Task goal: Output the whole listing exactly, except for the pictures in it.

Source material:
::::
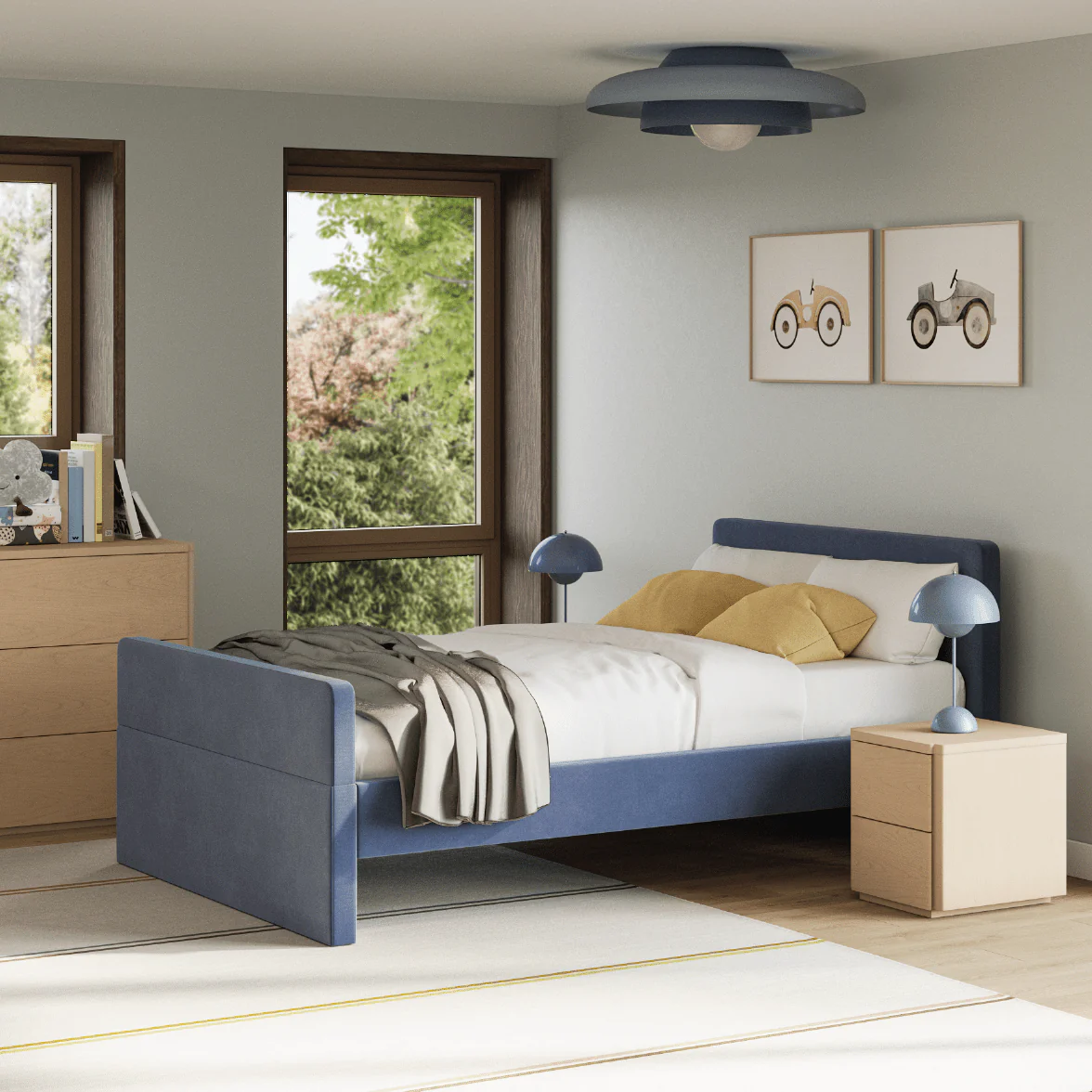 The Soho Bed is innovative, versatile and built to last. Available in customizable color combos in our signature stain-resistant fabric, this bed is expertly crafted to grow with your family for years to come. Arrives in 4 easy to maneuver boxes. Assembly required.
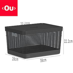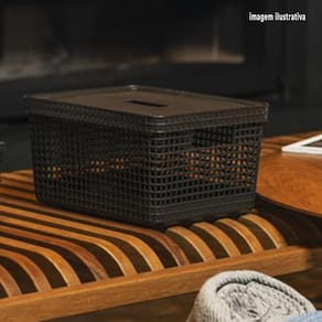 Cesto Caixa Organizadora Grid 20Lts com Tampa Ou Martiplast Cor: Preto Cesto Caixa Organizadora Grid 20Lts com Tampa Ou Martiplast cesto organizador de bancadacaixa com tampa para escritóropode ser utilizada como floreiradisponível em estoque Cores deste produto verificar estoque - Azul- Branco- Bege- Cinza- Preto Medidas: Altura: 22.2cm Largura: 28cm Profundidade: 38cm Material: produtos em plástico 100% pós-consumo. Linha: Organizar Modelos: Grid Tampa multiuso com pegada fácil. São diversas opções cestas com cores que combinam com qualquer ambiente da sua casa.A linha foi desenvolvida priorizando o cuidado com a sua rotina, por isso, possui furos que facilitam a ventilação e bordas maiores que facilitam a pega e transporte. OBS1: Imagens meramente ilustrativas. Anúncio referente à 01 unidade de cesto Grid. OBS2: Cores podem alterar levemente entre telas e monitores.
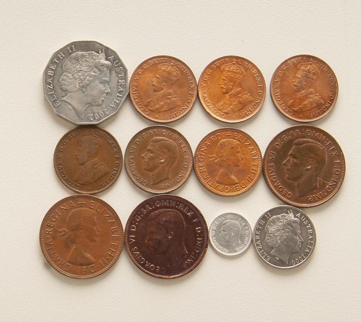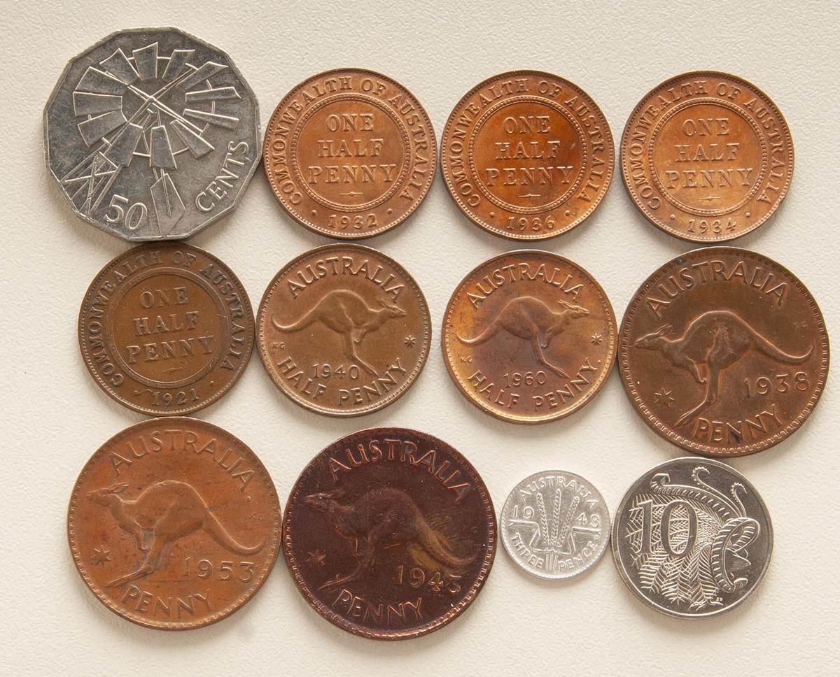 MONEDAS EXTRANJERAS. Bonito conjunto formado por 12 monedas australianas de diversos formatos, valores y materiales con fechas comprendidas entre 1921 y 2002. Ninguna pieza repetida. A EXAMINAR
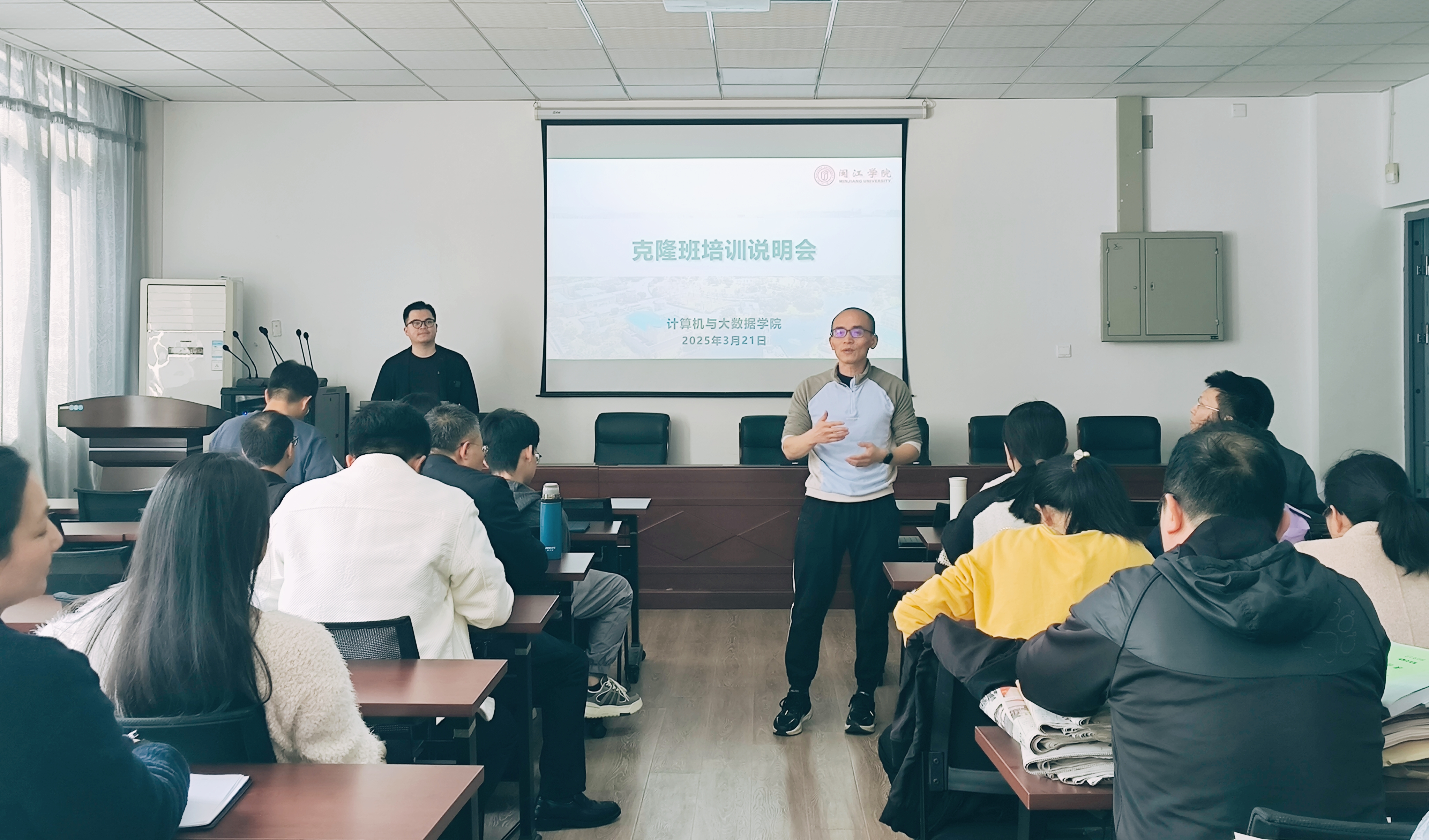 为深化数智化教育教学改革,推进数字化教学资源共享与教学模式创新,在学校教务处的指导下,中文字幕 于2025年3月21日下午举办“雨课堂克隆班”专题培训说明会。活动特邀学堂在线技术团队进行系统化培训,学院30余名骨干教师参与交流研讨,教务处处长何伟、教师教学发展中心主任郭艺萍出席,学院教学副院长罗海波主持了会议。
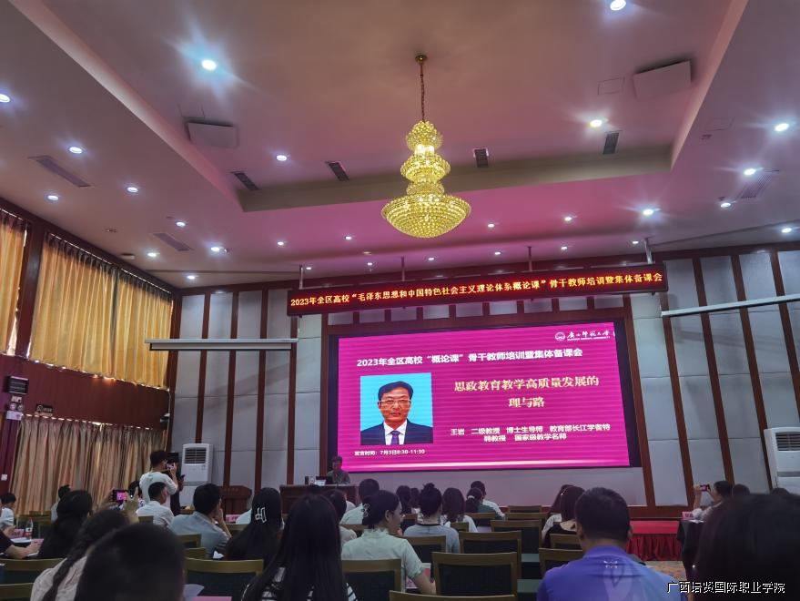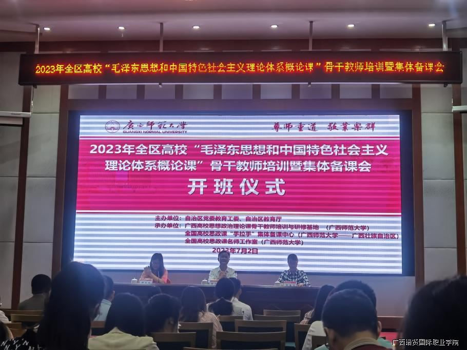为深入贯彻落实习近平总书记在学校思想政治理论课教师座谈会上的重要讲话精神,提高新时代学校思想政治理论课的实效性,进一步加强全区高校思政课教师队伍建设,不断提升思政课教师素质能力,按照《自治区教育厅办公室关于举办2023年全区高校“毛泽东思想和中国特色社会主义理论体系概论课”骨干教师培训暨集体备课会的通知》要求🫐,2023年7月1日至6日,梁月新老师代表广西彩神国际职业学院思政部参加了本次培训活动👳🏽♂️。
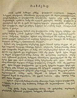 In 1820, I. Yalguzidze published a Georgian-script alphabetic primer, adding three letters to the Georgian alphabet.[43] The Georgian orthography receded in the 19th century, but was made official with Georgian autonomy in 1937. The "one nation – two alphabets" issue caused discontent in South Ossetia in the year 1951 demanding reunification of the script, and in 1954 Georgian was replaced with the 1937 Cyrillic alphabet.
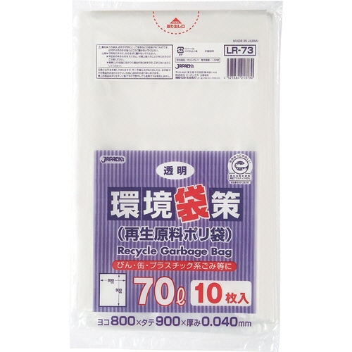 ジャパックス 環境袋策 70L 再生LL 半透明 0.04mm 1ケース(10枚×30冊入) LR-74 1ケース(ご注文単位1ケース)【直送品】
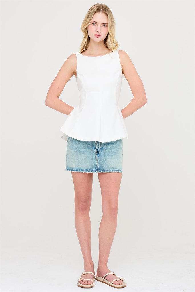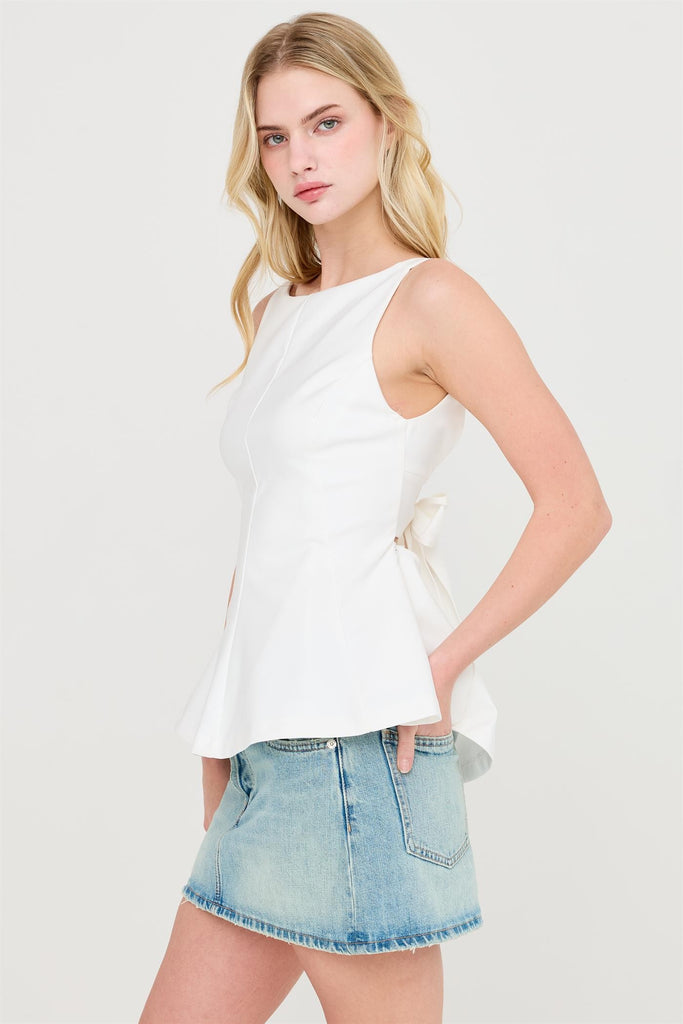 Esta blusa blanca peplum para mujer combina una silueta estructurada que estiliza la cintura con un delicado escote abierto en la espalda terminado en un moño romántico.
::::
The answer:
 The Soho Bed is innovative, versatile and built to last. Available in customizable color combos in our signature stain-resistant fabric, this bed is expertly crafted to grow with your family for years to come. Arrives in 4 easy to maneuver boxes. Assembly required.
 Cesto Caixa Organizadora Grid 20Lts com Tampa Ou Martiplast Cor: Preto Cesto Caixa Organizadora Grid 20Lts com Tampa Ou Martiplast cesto organizador de bancadacaixa com tampa para escritóropode ser utilizada como floreiradisponível em estoque Cores deste produto verificar estoque - Azul- Branco- Bege- Cinza- Preto Medidas: Altura: 22.2cm Largura: 28cm Profundidade: 38cm Material: produtos em plástico 100% pós-consumo. Linha: Organizar Modelos: Grid Tampa multiuso com pegada fácil. São diversas opções cestas com cores que combinam com qualquer ambiente da sua casa.A linha foi desenvolvida priorizando o cuidado com a sua rotina, por isso, possui furos que facilitam a ventilação e bordas maiores que facilitam a pega e transporte. OBS1: Imagens meramente ilustrativas. Anúncio referente à 01 unidade de cesto Grid. OBS2: Cores podem alterar levemente entre telas e monitores.
 MONEDAS EXTRANJERAS. Bonito conjunto formado por 12 monedas australianas de diversos formatos, valores y materiales con fechas comprendidas entre 1921 y 2002. Ninguna pieza repetida. A EXAMINAR
 为深化数智化教育教学改革,推进数字化教学资源共享与教学模式创新,在学校教务处的指导下,中文字幕 于2025年3月21日下午举办“雨课堂克隆班”专题培训说明会。活动特邀学堂在线技术团队进行系统化培训,学院30余名骨干教师参与交流研讨,教务处处长何伟、教师教学发展中心主任郭艺萍出席,学院教学副院长罗海波主持了会议。
为深入贯彻落实习近平总书记在学校思想政治理论课教师座谈会上的重要讲话精神,提高新时代学校思想政治理论课的实效性,进一步加强全区高校思政课教师队伍建设,不断提升思政课教师素质能力,按照《自治区教育厅办公室关于举办2023年全区高校“毛泽东思想和中国特色社会主义理论体系概论课”骨干教师培训暨集体备课会的通知》要求🫐,2023年7月1日至6日,梁月新老师代表广西彩神国际职业学院思政部参加了本次培训活动👳🏽♂️。
 In 1820, I. Yalguzidze published a Georgian-script alphabetic primer, adding three letters to the Georgian alphabet.[43] The Georgian orthography receded in the 19th century, but was made official with Georgian autonomy in 1937. The "one nation – two alphabets" issue caused discontent in South Ossetia in the year 1951 demanding reunification of the script, and in 1954 Georgian was replaced with the 1937 Cyrillic alphabet.
 ジャパックス 環境袋策 70L 再生LL 半透明 0.04mm 1ケース(10枚×30冊入) LR-74 1ケース(ご注文単位1ケース)【直送品】
 Esta blusa blanca peplum para mujer combina una silueta estructurada que estiliza la cintura con un delicado escote abierto en la espalda terminado en un moño romántico.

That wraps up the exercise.